INDEPENDENT NEWS

Church Statement on Temple View Development

Published: Mon 19 Aug 2013 11:41 AM
Church Statement on Temple View Development
HAMILTON, NEW ZEALAND — The Church of Jesus Christ of Latter-day Saints closed the Church College of New Zealand (CCNZ) in 2009.  The Church’s original desire to demolish many of the school buildings, followed by repurposing the former campus for other uses, was amended insomuch that repurposing options might be considered ahead of any removal of buildings.  With that change in strategy and while repurposing plans have been developed, the former school buildings and old teacher homes still remain intact.
However, following four years of research, analysis, and consultation, the Church has now submitted into the Hamilton City Council a resource consent application for an upgrade of Tuhikaramea Road, a new stake centre (chapel) and car-park, and new Legacy Park.  This development requires the demolition of many of the eastern former teacher houses, and the boys’ dormitories and old medical centre.
The resource consent will be public notified followed by a hearing in front of independent commissioners.  This application is the first of others that the Church is moving forward in an effort to repurpose the former CCNZ campus. The proposed stake centre will be the largest in New Zealand and will not follow the Church’s standard plan design of other worship facilities they have built in this country.  A few of the features previously provided by the David O. McKay Building have been incorporated into the design of this new stake centre building.
The Tuhikaramea Road upgrade includes improvements to infrastructure, construction of new roundabouts, updated lighting, trees, and footpaths, new pedestrian crossings and roadside parking.  The Legacy Park is to be constructed in memory of the labour missionaries and will include boardwalks, trees, other amenity plantings and water features to enhance the quiet reverence surrounding the Temple grounds and provide an enjoyable peaceful experience for visitors to the temple and for the local community.

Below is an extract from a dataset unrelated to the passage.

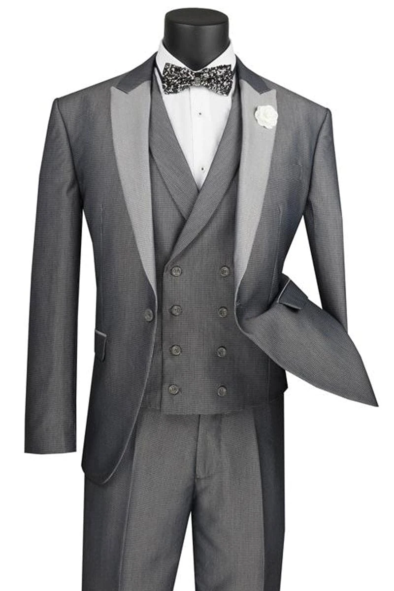Mens 1 Button Contrast Peak Lapel Double Breasted Vest Tuxedo Suit In Silver
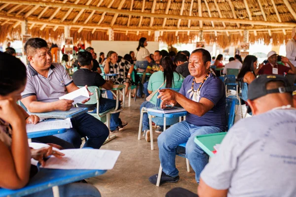 Todos os materiais priorizam autores indígenas da região amazônica. Nas oficinas presenciais, realizadas no próprio território, são abordadas mediação de leitura, gêneros literários, mapeamento do acervo cultural, registro de memórias e relação com o meio ambiente.

Plans are also being developed to remodel the Mendenhall Library for the New Zealand Hamilton Mission offices, proposed Church History Museum, little theatre and a classroom for education and other uses.  The George R. Biesinger home, built for the American building supervisor by labour missionaries, will also be structurally and functionally remodeled. Both the Library and Biesinger home are heritage buildings so any remodel will preserve the heritage values of these two facilities.
We express appreciation to consulting planner, engineers, Iwi, architects, urban designers, archaeologists, legal counsel, Church and community leaders, and Hamilton City Council officials for their expertise and ongoing assistance.